Given records
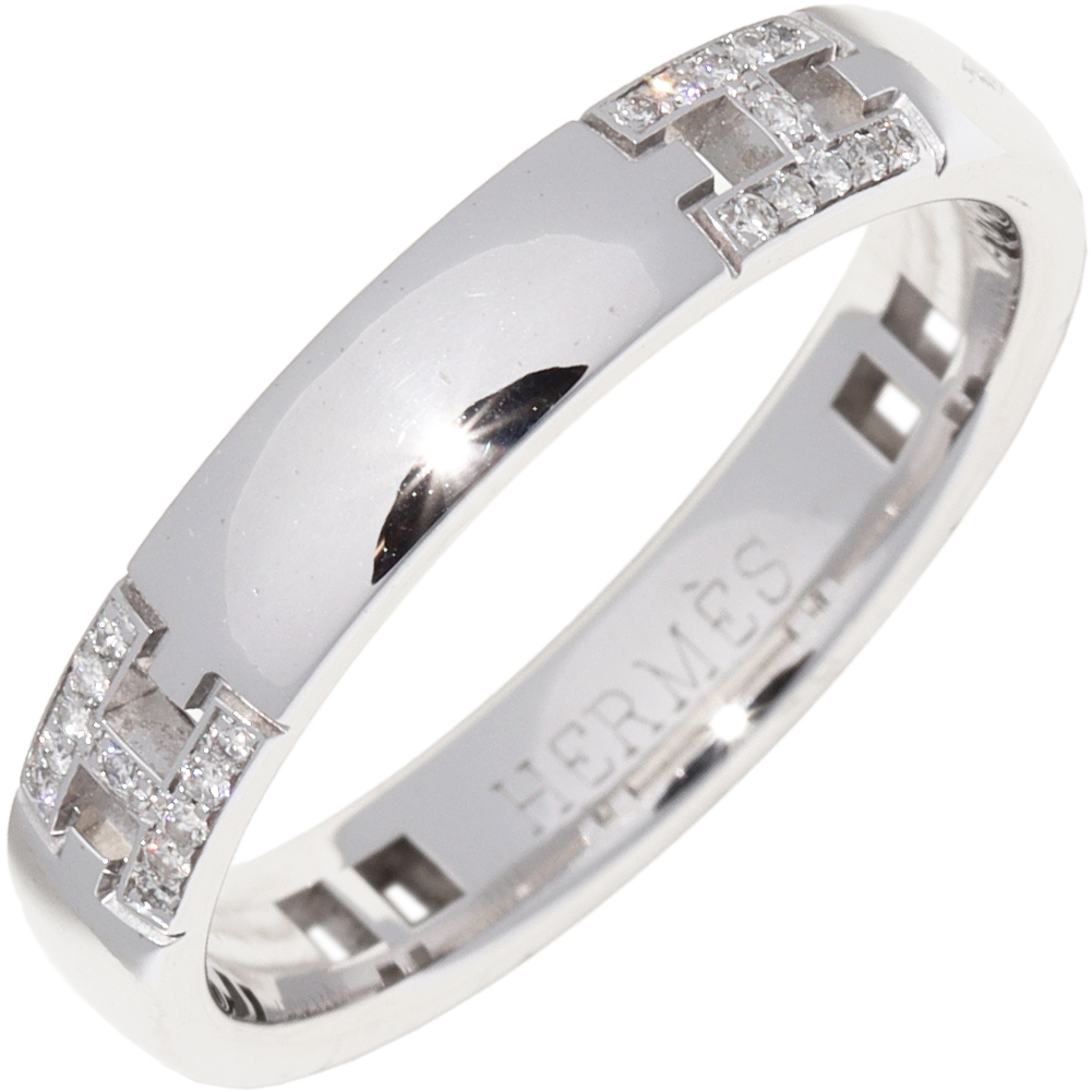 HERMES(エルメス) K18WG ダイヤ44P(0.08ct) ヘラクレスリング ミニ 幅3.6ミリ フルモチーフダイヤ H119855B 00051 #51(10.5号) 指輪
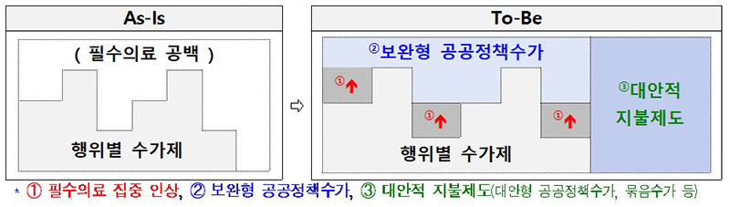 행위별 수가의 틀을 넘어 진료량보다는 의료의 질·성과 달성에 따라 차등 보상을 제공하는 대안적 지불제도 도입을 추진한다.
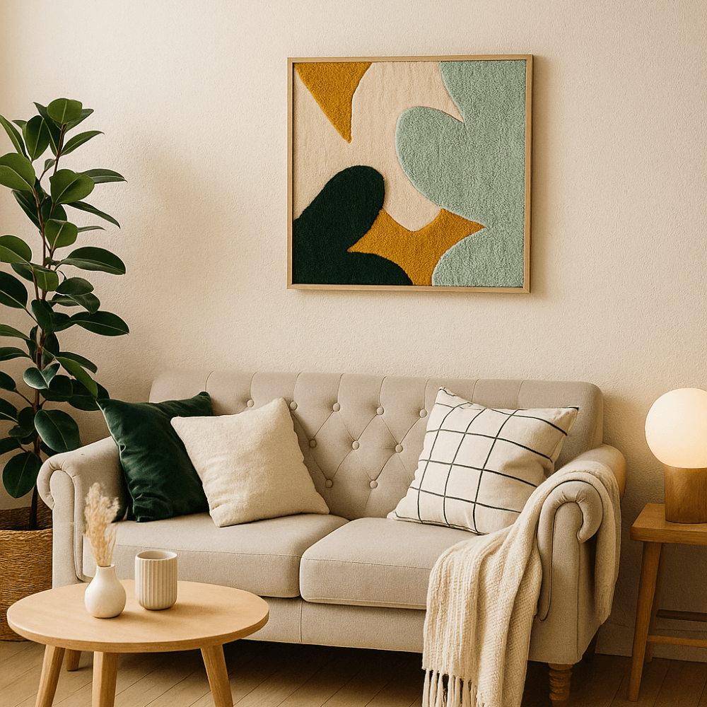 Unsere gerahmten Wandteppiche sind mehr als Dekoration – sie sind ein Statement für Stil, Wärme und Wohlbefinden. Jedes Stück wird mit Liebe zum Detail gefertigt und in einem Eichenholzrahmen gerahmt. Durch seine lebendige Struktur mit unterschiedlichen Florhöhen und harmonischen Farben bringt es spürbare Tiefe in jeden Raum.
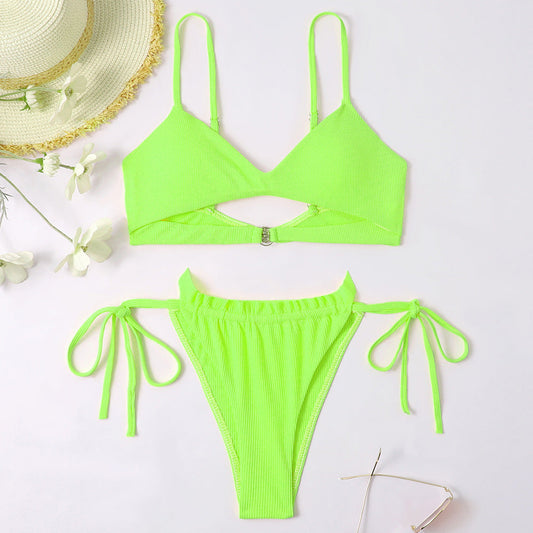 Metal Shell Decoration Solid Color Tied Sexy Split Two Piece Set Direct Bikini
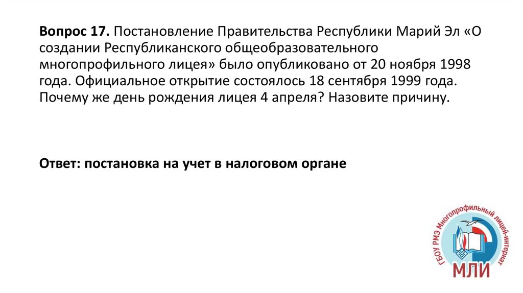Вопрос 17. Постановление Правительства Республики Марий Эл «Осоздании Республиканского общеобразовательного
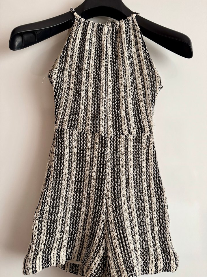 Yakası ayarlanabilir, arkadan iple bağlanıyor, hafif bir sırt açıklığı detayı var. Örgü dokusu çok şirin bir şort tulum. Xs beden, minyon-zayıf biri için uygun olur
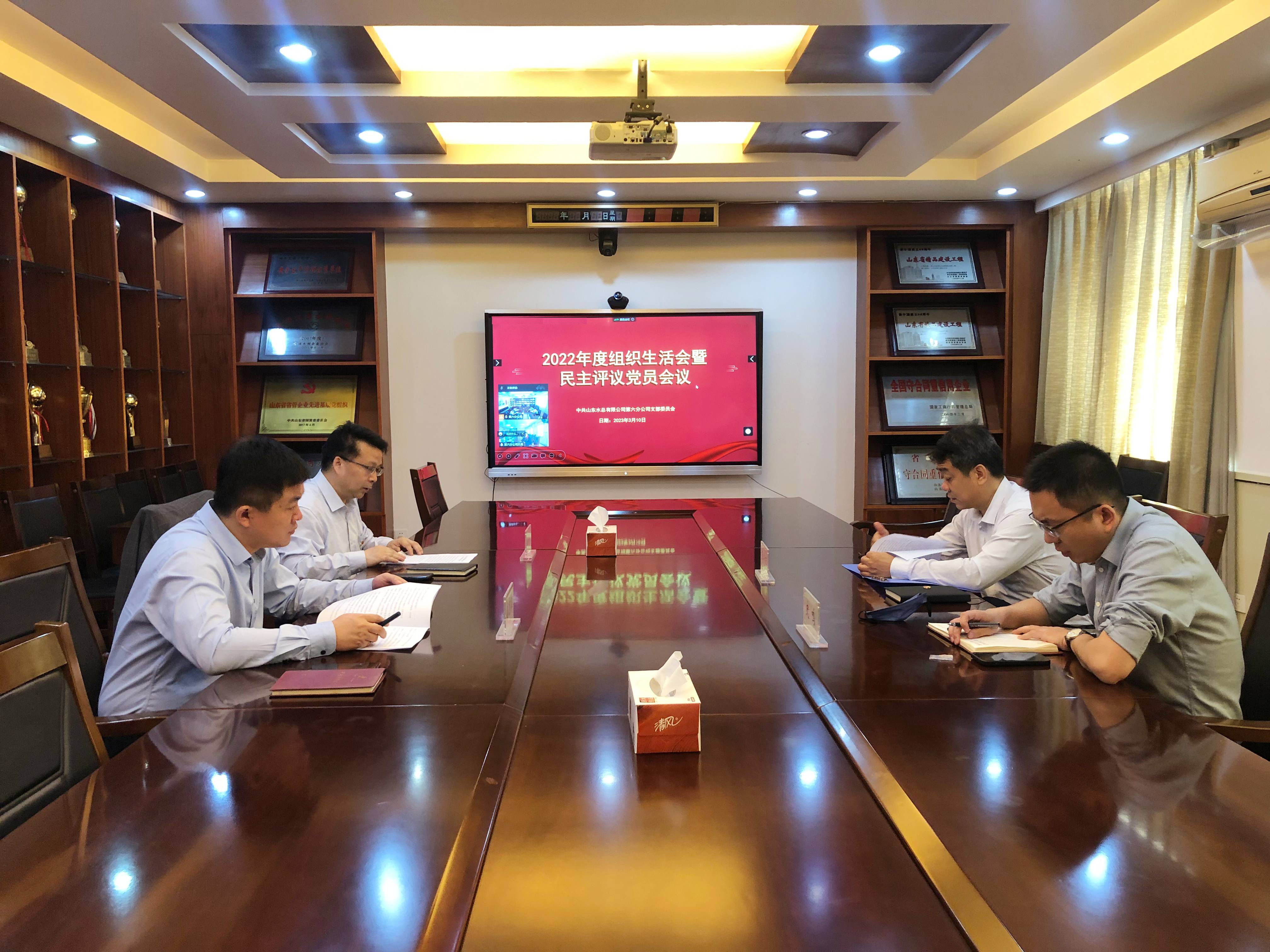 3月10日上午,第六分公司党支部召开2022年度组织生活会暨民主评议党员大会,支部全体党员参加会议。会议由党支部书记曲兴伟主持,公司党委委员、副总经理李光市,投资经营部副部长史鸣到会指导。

---

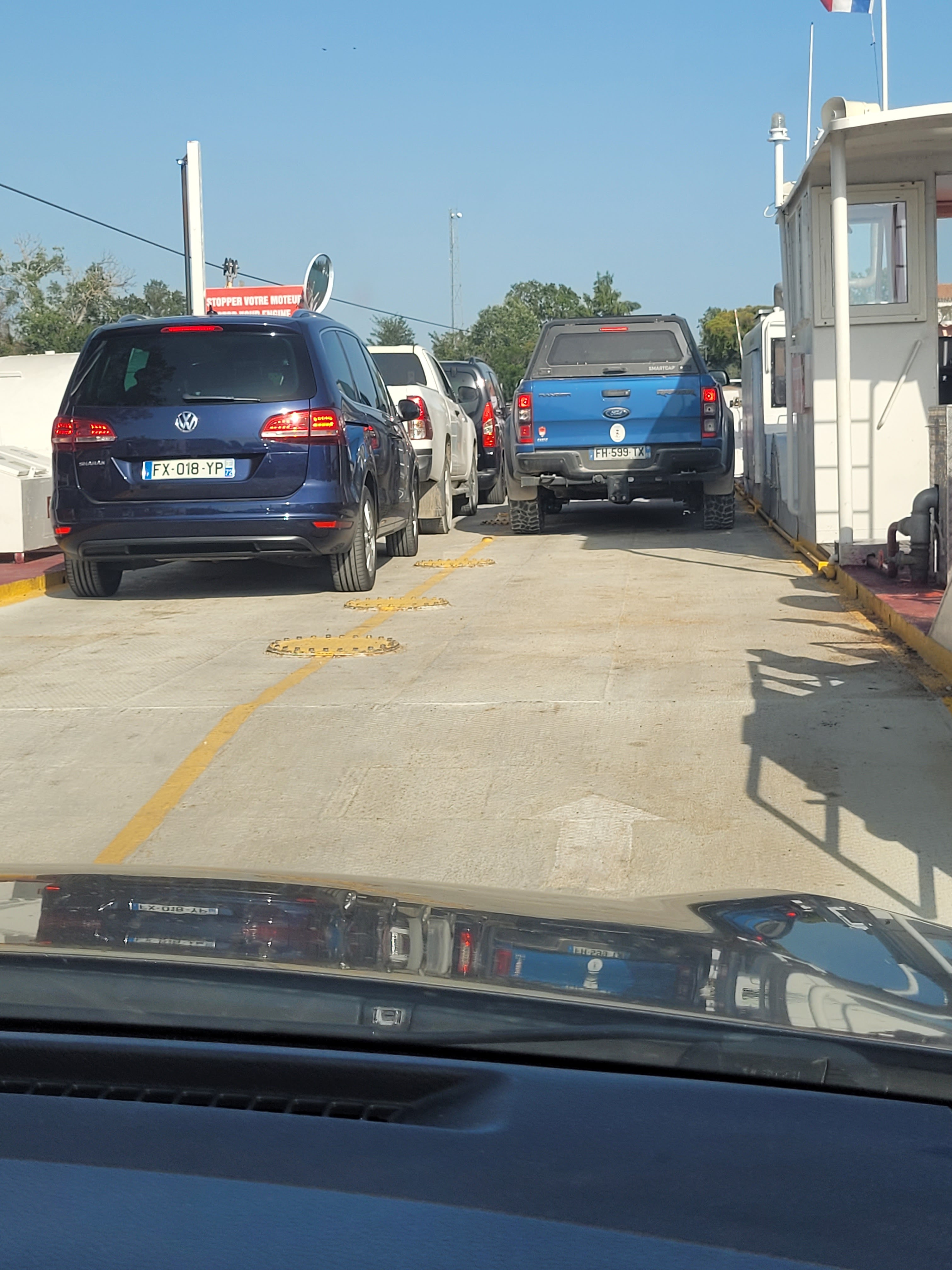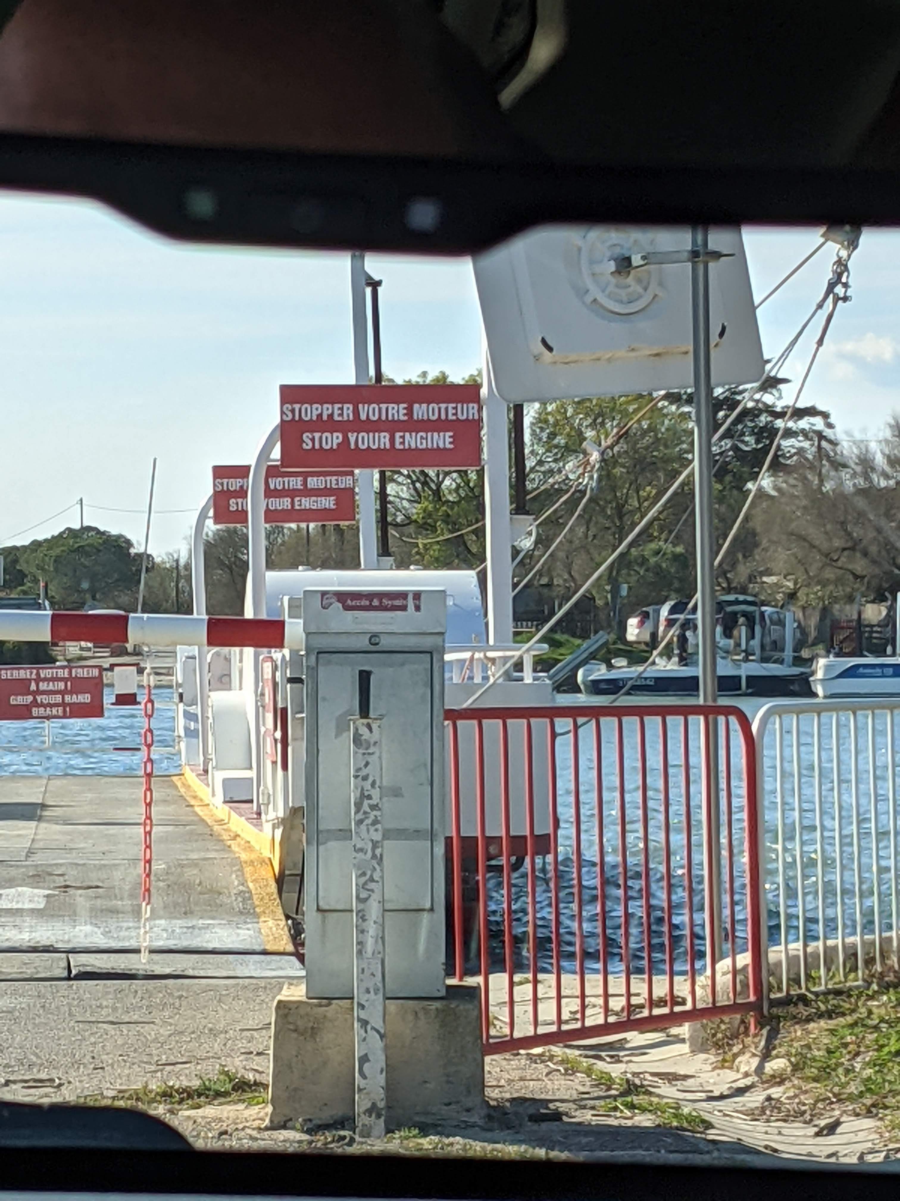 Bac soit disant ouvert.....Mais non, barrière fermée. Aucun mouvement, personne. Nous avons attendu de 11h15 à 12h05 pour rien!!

Problem requirements
Transcribe, word for word, the lines of the listing above from the one that contains "Metal Shell Decoration" through the one that contains "3月10日上午,第六分公司党", keeping both ends and dropping the pictures.

Result
 Metal Shell Decoration Solid Color Tied Sexy Split Two Piece Set Direct Bikini
Вопрос 17. Постановление Правительства Республики Марий Эл «Осоздании Республиканского общеобразовательного
 Yakası ayarlanabilir, arkadan iple bağlanıyor, hafif bir sırt açıklığı detayı var. Örgü dokusu çok şirin bir şort tulum. Xs beden, minyon-zayıf biri için uygun olur
 3月10日上午,第六分公司党支部召开2022年度组织生活会暨民主评议党员大会,支部全体党员参加会议。会议由党支部书记曲兴伟主持,公司党委委员、副总经理李光市,投资经营部副部长史鸣到会指导。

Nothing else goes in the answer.